随后可将输入x=enc_input,可将enc_outputs则表示嵌入成功,维度为[4,6,128]分别表示batch为4,词为6,用128维度描述词6
x = self.src_emb(x) # 词嵌入
3、位置position编码
位置编码,使用上面公式嵌入,我将不再介绍,其代码如下:
pe = torch.zeros(max_len, d_model)
position = torch.arange(0., max_len).unsqueeze(1)
div_term = torch.exp(torch.arange(0., d_model, 2) * -(math.log(10000.0) / d_model)) # 偶数列
pe[:, 0::2] = torch.sin(position * div_term) # 奇数列
pe[:, 1::2] = torch.cos(position * div_term)
pe = pe.unsqueeze(0)
将编码进行位置编码后,位置为[1,6,128]+输入编码的[4,6,128],相当于句子已经结合了位置编码信息,作为新新的输入,代码如下:
x = x + Variable(self.pe[:, :x.size(1)], requires_grad=False) #torch.autograd.Variable 表示有梯度的张量变量
4、Attention编码
在介绍此之前,先普及一个知识,若X与Y相等,则为self attention 否则为cross-attention,因为解码时候X!=Y.
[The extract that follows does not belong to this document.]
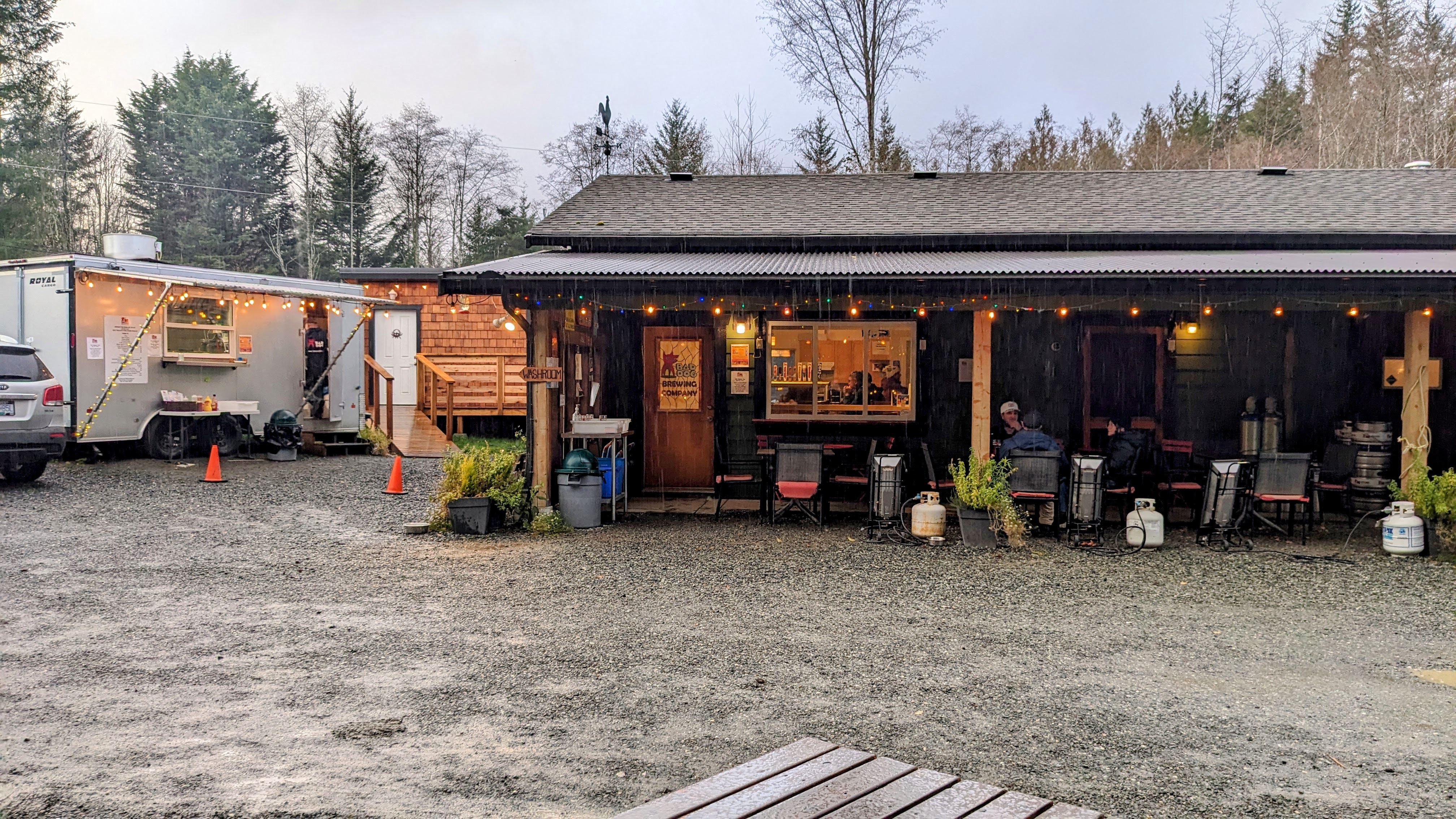 - Bad Dog Brewing: This is a small spot located in a rural area of Sooke. It definitely feels like a local spot but everyone feels welcome, including your furry friends! They have a small food truck on site that serves up things like burgers, onion rings, fries, etc.

获取Q K V 代码,实际是一个线性变化,将以上输入x变成[4,6,512],然后通过head个数8与对应dv,dk将512拆分[8,64],随后移维度位置,变成[4,8,6,64]
self.WQ = nn.Linear(d_model, d_k * n_heads) # 利用线性卷积
self.WK = nn.Linear(d_model, d_k * n_heads)
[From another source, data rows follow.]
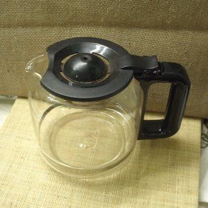 Replacement carafe for a 12 cup coffee maker. Clear glass with brown plastic handle and lid. About 6 1/4 inches high, 8 inches from spout to handle. 5 1/2 inches bottom diameter. No chips or cracks. No plastic breaks.
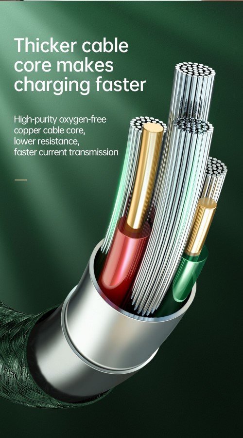 - Lõi cáp dày hơn giúp sạc và truyền dữ liệu nhanh hơn, lõi cáp đồng có độ tinh khiết cao, điện trở thấp.
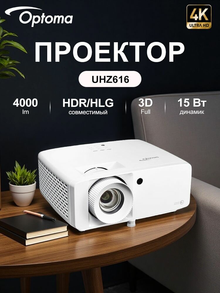 Купить Optoma UHZ616 Laser 4K Ultra HD проектор 4000 люменов Домашний 3D кинотеатр с доставкой по всей России.
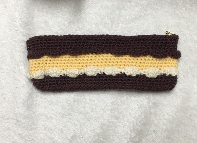 JUGEMテーマ:編み物 本当はキウイエクレアポーチなのですが、好みでキウイ抜きのエクレアポーチにアレンジしました。スマホやブルートゥース機器の充電コード入れにします。
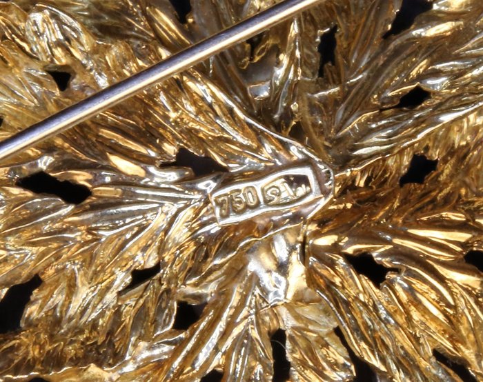 Hier heb ik een zeer filigraan broche gemaakt van 750 goud voor je.
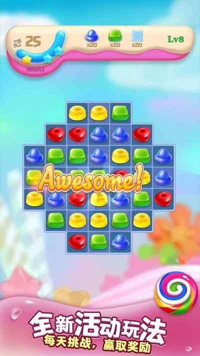 糖果拼乐拼手机版是一款充满趣味的休闲消除游戏,采用精美炫酷的画面设计,为玩家带来极致的视觉享受。游戏中包含海量精心设计的关卡,让你在轻松愉快的氛围中体验经典消除玩法的魅力。无论是想放松心情还是挑战自我,这款游戏都能满足你的需求。简单易上手的操作配合丰富的游戏内容,让每位玩家都能快速沉浸其中。现在就下载游戏,开启你的糖果消除冒险之旅吧!

self.WV = nn.Linear(d_model, d_v * n_heads)
变化后的q k v
q_s = self.WQ(Q).view(batch_size, -1, self.n_heads, self.d_k).transpose(1, 2) # 线性卷积后再分组实现head功能
k_s = self.WK(K).view(batch_size, -1, self.n_heads, self.d_k).transpose(1, 2)
v_s = self.WV(V).view(batch_size, -1, self.n_heads, self.d_v).transpose(1, 2)
attn_mask = attn_mask.unsqueeze(1).repeat(1, self.n_heads, 1, 1) # 编导对应的头
随后通过以上self公式,将其编码计算
scores = torch.matmul(Q, K.transpose(-1, -2)) / np.sqrt(self.d_k)
attn = nn.Softmax(dim=-1)(scores)
context = torch.matmul(attn, V)
以上编码将是encode编码得到结果,我们将得到结果进行还原:
context = context.transpose(1, 2).contiguous().view(batch_size, -1, self.n_heads * self.d_v) # 将其还原
output = self.linear(context) # 通过线性又将其变成原来模样维度
layer_norm(output + Q) # 这里加Q 实际是对Q寻找
以上将重新得到新的输入x,维度为[4,6,128]
5、FFN编码
将以上的输出维度为[4,6,128]进行FFN层变化,实际类似线性残差网络变化,得到最终输出
class PoswiseFeedForwardNet(nn.Module):
def __init__(self, d_model, d_ff):
super(PoswiseFeedForwardNet, self).__init__()
self.l1 = nn.Linear(d_model, d_ff)
self.l2 = nn.Linear(d_ff, d_model)
self.relu = GELU()
self.layer_norm = nn.LayerNorm(d_model)
def forward(self, inputs):
residual = inputs
output = self.l1(inputs) # 一层线性卷积
output = self.relu(output)
output = self.l2(output) # 一层线性卷积
return self.layer_norm(output + residual)
重复以上顺序编码,即将得到经过FFN变化的输出x,维度为[4,6,128],将其重复步骤③-④,因其编码为6个,可重复5个便是完成相应的编码模块。
三、Decode模块代码解读
1、编码数据
解码输入数据介绍,包含以下数据输入dec_input、enc_input的输入与解码后输出的数据,维度为[4,6,128],而dec_input输入如下:
dec_input = [
[1, 0, 0, 0, 0, 0],
[1, 3, 0, 0, 0, 0],
[1, 3, 4, 0, 0, 0],
[1, 3, 4, 1, 0, 0]]
2、文本Embedding与位置编码
dec_input的Embedding与位置编码,因其与encode的实现方法一致,只需将enc_input使用dec_input取代,得到dec_outputs,因此这里将不在介绍。
3、mask编码
整体编码,代码如下:
def get_attn_pad_mask(seq_q, seq_k, pad_index):
batch_size, len_q = seq_q.size()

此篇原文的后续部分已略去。